The female bryoniae is totally unlike the others. The ground colour is a full yellow, and each nervure is thickly irrorated with a brown pigment often spreading so far as to hide the ground almost entirely in the fore-wings. The males corresponding with these females are not certainly distinguishable from those of our own napi. Both sexes have the green veining of the underside of the hind wing fully developed, rather more than is usual in the lowland races, but this is not really diagnostic of the variety. The first serious difficulty arises in regard to the second brood of bryoniae. It is stated that there is only one brood,[16] but I feel fairly sure that a second brood is sometimes produced, and that the females with a yellow ground and diminished irroration of the veins, not very uncommon in the Italian Alps in July to August, are generally representatives of it. Such insects would of course be classed with bryoniae in collections.
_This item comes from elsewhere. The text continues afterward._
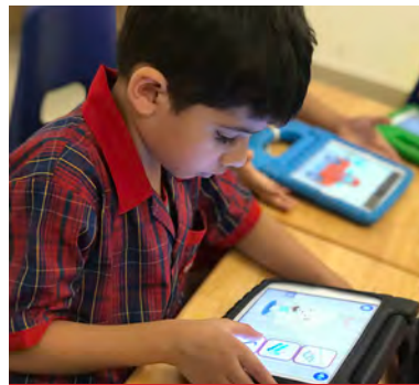
Age-appropriate tech curriculum

The programme, the gadgets and the apps are designed with the child in mind; simple to comprehend and easy to use. Our tech expert ensures that the teachers are trained and well versed with the usage of technology beforehand. During the tech-sessions, children visibly demonstrate increased levels of spoken communication and collaboration. Technology brings out positive effects on the cognitive and social learning skills of children too as it is generally observed that children begin to take leadership roles, share ideas on the I-pads and work together with their peers.

My experiments began with eggs of true bryoniae females caught at about 2,500 feet early in July. These emerged in August-September as intermediates with yellow ground and about half as much black on the upper surface as bryoniae. They are exactly like the intermediates usually found in nature and in the light of later experience I regard them as natural F1 forms, and I think the mothers had been fertilised by napi males, though I admit that in view of the rarity of natural intermediates there is a difficulty in this suggestion. Three of these females were mated with males raised from thorough meridionalis females, and three families were produced. Two of them showed distinct evidence of segregation, some being yellow and some white with various intergrades, some being no blacker than meridionalis and some ranging up to a dark intermediate type. Part emerged in the same autumn; and part overwintered, emerging as the spring meridionalis or as the peculiar type which I afterwards learnt to know as the spring F1 form. The distinctions were fairly sharp between the several forms. But the offspring of the third female gave a series practically continuous from meridionalis to the F1 type. The work of subsequent years gave results similarly irregular which could only be described adequately at great length. The outcome may however be summed up in the statement that there is evidence that both the yellow ground and the dark veining are due to factors, but that there are several of these and that imperfect segregation is not uncommon, producing various reduction-stages. The yellow ground may be due to one factor, and the several shades may be the result of irregularities in dominance, but the black markings when fully developed cannot I think be the result of less than three factors, one for the basal darkening, one for general irroration, and one for the margins. Probably also the enlargement of the spots is produced by a fourth factor.